--- Supplied information ---
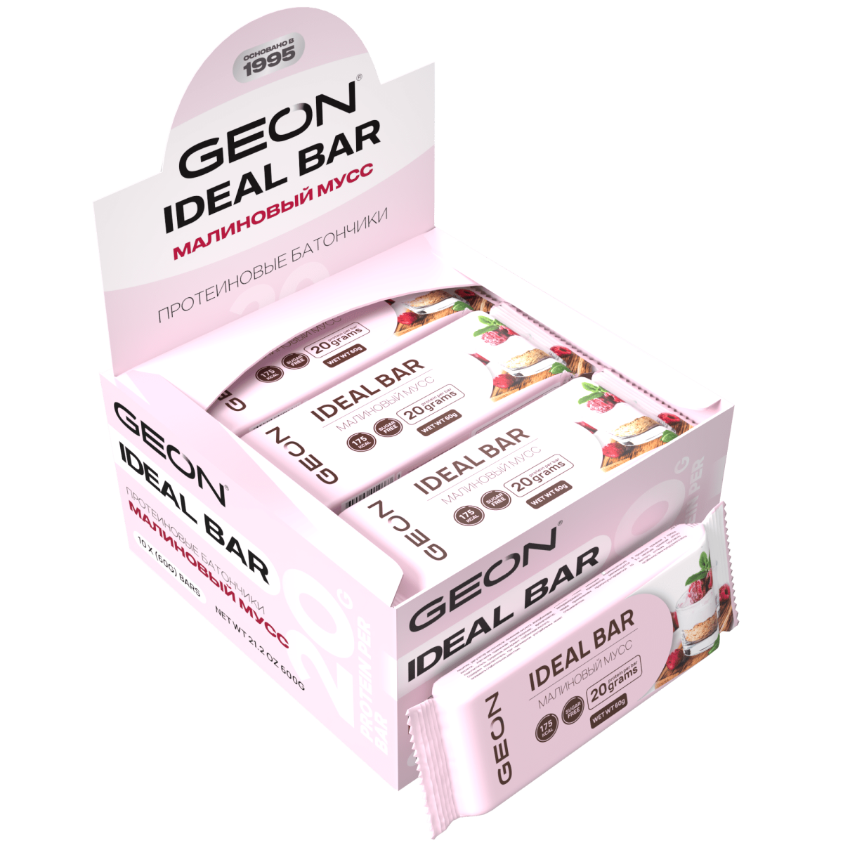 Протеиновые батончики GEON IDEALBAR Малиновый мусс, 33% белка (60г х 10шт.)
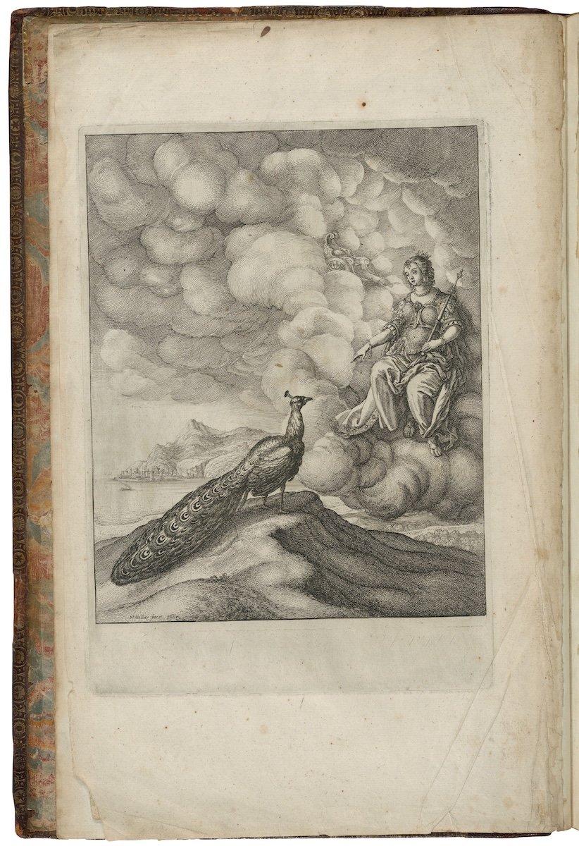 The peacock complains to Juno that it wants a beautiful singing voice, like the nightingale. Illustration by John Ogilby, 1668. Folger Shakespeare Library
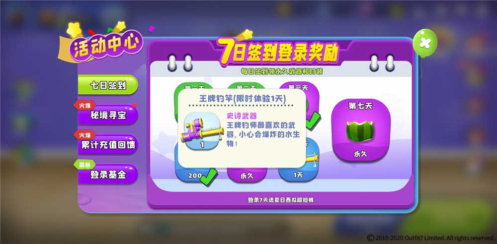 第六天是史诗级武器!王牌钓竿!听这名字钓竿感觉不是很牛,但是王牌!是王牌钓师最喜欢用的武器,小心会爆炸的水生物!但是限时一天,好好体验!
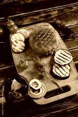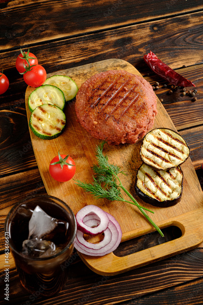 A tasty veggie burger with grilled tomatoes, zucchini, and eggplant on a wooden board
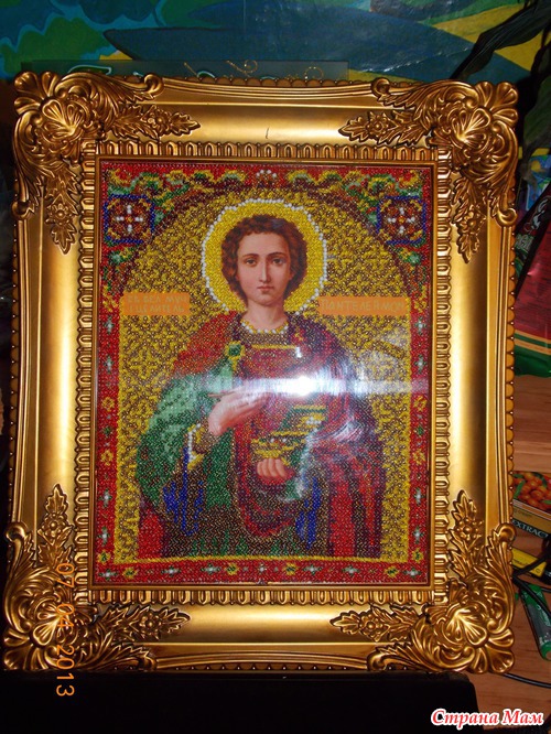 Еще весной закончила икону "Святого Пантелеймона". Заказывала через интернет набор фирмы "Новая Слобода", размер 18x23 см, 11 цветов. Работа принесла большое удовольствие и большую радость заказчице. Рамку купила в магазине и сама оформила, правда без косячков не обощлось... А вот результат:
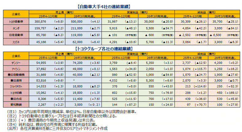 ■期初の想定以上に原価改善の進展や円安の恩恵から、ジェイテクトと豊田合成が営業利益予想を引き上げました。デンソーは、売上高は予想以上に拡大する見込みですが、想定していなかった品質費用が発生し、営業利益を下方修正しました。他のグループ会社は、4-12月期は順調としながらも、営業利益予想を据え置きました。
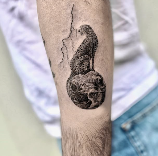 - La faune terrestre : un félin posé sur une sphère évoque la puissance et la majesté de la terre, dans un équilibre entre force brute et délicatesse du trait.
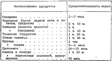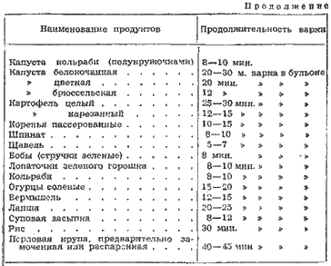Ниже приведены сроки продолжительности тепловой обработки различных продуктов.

--- Assignment ---
Without any of its images, the data above should be returned exactly.

--- Exercise response ---
 Протеиновые батончики GEON IDEALBAR Малиновый мусс, 33% белка (60г х 10шт.)
 The peacock complains to Juno that it wants a beautiful singing voice, like the nightingale. Illustration by John Ogilby, 1668. Folger Shakespeare Library
 第六天是史诗级武器!王牌钓竿!听这名字钓竿感觉不是很牛,但是王牌!是王牌钓师最喜欢用的武器,小心会爆炸的水生物!但是限时一天,好好体验!
 A tasty veggie burger with grilled tomatoes, zucchini, and eggplant on a wooden board
 Еще весной закончила икону "Святого Пантелеймона". Заказывала через интернет набор фирмы "Новая Слобода", размер 18x23 см, 11 цветов. Работа принесла большое удовольствие и большую радость заказчице. Рамку купила в магазине и сама оформила, правда без косячков не обощлось... А вот результат:
 ■期初の想定以上に原価改善の進展や円安の恩恵から、ジェイテクトと豊田合成が営業利益予想を引き上げました。デンソーは、売上高は予想以上に拡大する見込みですが、想定していなかった品質費用が発生し、営業利益を下方修正しました。他のグループ会社は、4-12月期は順調としながらも、営業利益予想を据え置きました。
 - La faune terrestre : un félin posé sur une sphère évoque la puissance et la majesté de la terre, dans un équilibre entre force brute et délicatesse du trait.
Ниже приведены сроки продолжительности тепловой обработки различных продуктов.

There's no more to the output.